You talking to me?!

Ah, the sweet, dim glow of The Silent Fang. The kind of place where every corner holds a story, most of them involving a knife, a betrayal, or—if you're lucky—a bottle of overpriced whiskey. It's like home, if home were filled with people who'd kill you for looking at them funny. Cozy, right?

I pushed open the heavy wooden door, stepping into the familiar haze of smoke and tension. The air smelled like burnt cigars and regret, but what did you expect from a pub where the most notorious assassins gathered to "network"? Networking here meant figuring out whose wallet to drain and whose throat to slit, in that order.

Oh, and in case you're wondering, yes, I've been here before. Deku—that's the alias, by the way—is sort of a legend in these circles. They don't know what I look like, though, because I've got this whole mysterious, no-one-knows-who-I-am vibe going on. Or at least I did.

Sliding onto a barstool, I tapped the counter. "Whiskey, no ice. The good stuff, not the rat piss you served me last time."

The bartender, an older beta with a scar running across his face, gave me a once-over but said nothing. He poured the drink and slid it toward me without a word. That's the thing about this place—people don't ask questions.

"Thanks," I said, lifting the glass. "To not dying another day."

I downed it in one go, savoring the burn, and then scanned the room. Killers, thieves, mercenaries—you name it, they were all here. Most of them minding their own business, which suited me just fine. I wasn't here to make friends; I was here to find work.

But of course, peace never lasts.

"Hey, kid," came a gruff voice from somewhere behind me.

Oh great. Here we go.

I turned slowly, fixing my best disinterested look on the guy speaking. He was huge—muscles for days and a face that looked like it had lost a fight with a meat grinder. Charming.

"You talking to me?" I asked, tilting my head.

"You're in my seat," he growled.

Ah, classic tough guy line. Points for originality.

I glanced around. The pub was half-empty, plenty of open seats everywhere. "Really? Your seat? Funny, I don't see your name on it. Did you forget your crayon at home?"

That earned me a few snickers from the nearby tables. Meat Grinder Face didn't look amused.

"Listen here, punk," he said, stepping closer. "You either move, or I move you. Your choice."

Now, most people would probably back down at this point. But me? Oh no. Backing down isn't in my vocabulary. Instead, I smiled—sweet, innocent, and just shy of I'm about to ruin your whole day.

"Move me, then," I said, leaning back against the bar and spreading my arms wide. "Go ahead. Make my night."

The room went quiet, the kind of quiet that only happens when everyone senses a fight brewing. And then, because the universe has a sick sense of humor, my ears twitched.

Yeah, you heard that right. My snow leopard ears. They popped up without warning, followed by my tail swishing behind me.

Perfect timing, as always.

A few gasps rippled through the crowd. "Wait a second," someone whispered. "Is that... Deku?"

Oh, for fuck's sake.

Meat Grinder Face took a step back, eyes widening. "You're Deku?"

I sighed, cracking my knuckles. "Congratulations, genius. You figured it out. Now what?"

What happened next was predictable: chaos.

The guy lunged at me, and I ducked, spinning out of my seat and delivering a sharp elbow to his gut. He doubled over, and I followed up with a knee to his face, sending him sprawling onto the floor.

Of course, that wasn't the end of it. This was a pub full of assassins, after all. The second I landed that hit, half the room decided they wanted a piece of me.

"Really?" I muttered, dodging a wild swing from some wannabe with a broken bottle. "All of you? At once? Isn't that a little unfair?"

Not that I was complaining. A good brawl was exactly what I needed to blow off some steam.

I moved like lightning, ducking, weaving, and landing hits with precision. A punch to the jaw here, a roundhouse kick there—every move calculated, every strike landing where it hurt the most.

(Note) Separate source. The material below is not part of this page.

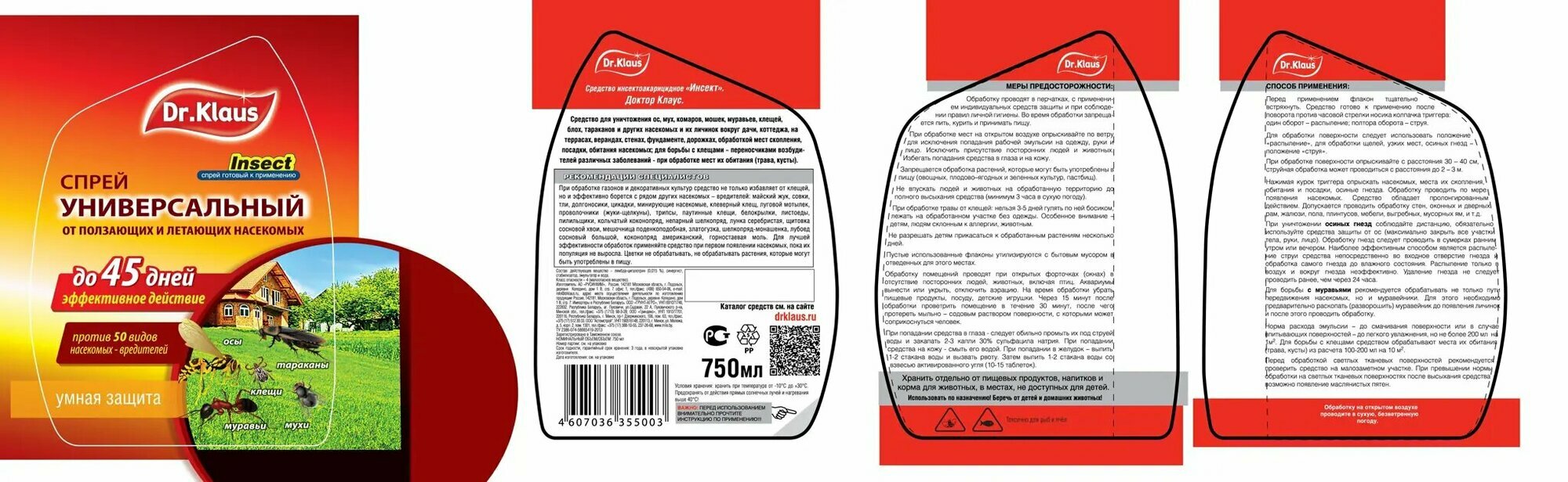 Dr.Klaus Спрей Универсальный от летающих и ползающих насекомых, флакон 750 мл

One guy tried to grab my tail. Big mistake. I spun around and slammed his head into the bar, sending bottles crashing to the floor.

Another thought he could catch me off guard with a knife. Cute. I disarmed him in seconds, twisting his wrist until he dropped the blade, then kicked him into a table that collapsed under his weight.

"Come on," I said, grinning like a maniac. "Is that the best you've got?"

They kept coming, but it didn't matter. This was my element—chaos, adrenaline, and the sweet satisfaction of watching grown men crumble under my fists.

By the time it was over, the pub was a wreck. Broken chairs, shattered glass, and a handful of groaning bodies littered the floor. I stood in the middle of it all, breathing hard but victorious.

The bartender stared at me, his expression somewhere between impressed and horrified. "You're paying for this," he said flatly.

I shrugged, brushing some dust off my jacket. "Put it on my tab."

And with that, I walked out, leaving the carnage behind me.

Moral of the story? Don't mess with Deku.

Or, you know, maybe just don't pick fights in assassin pubs.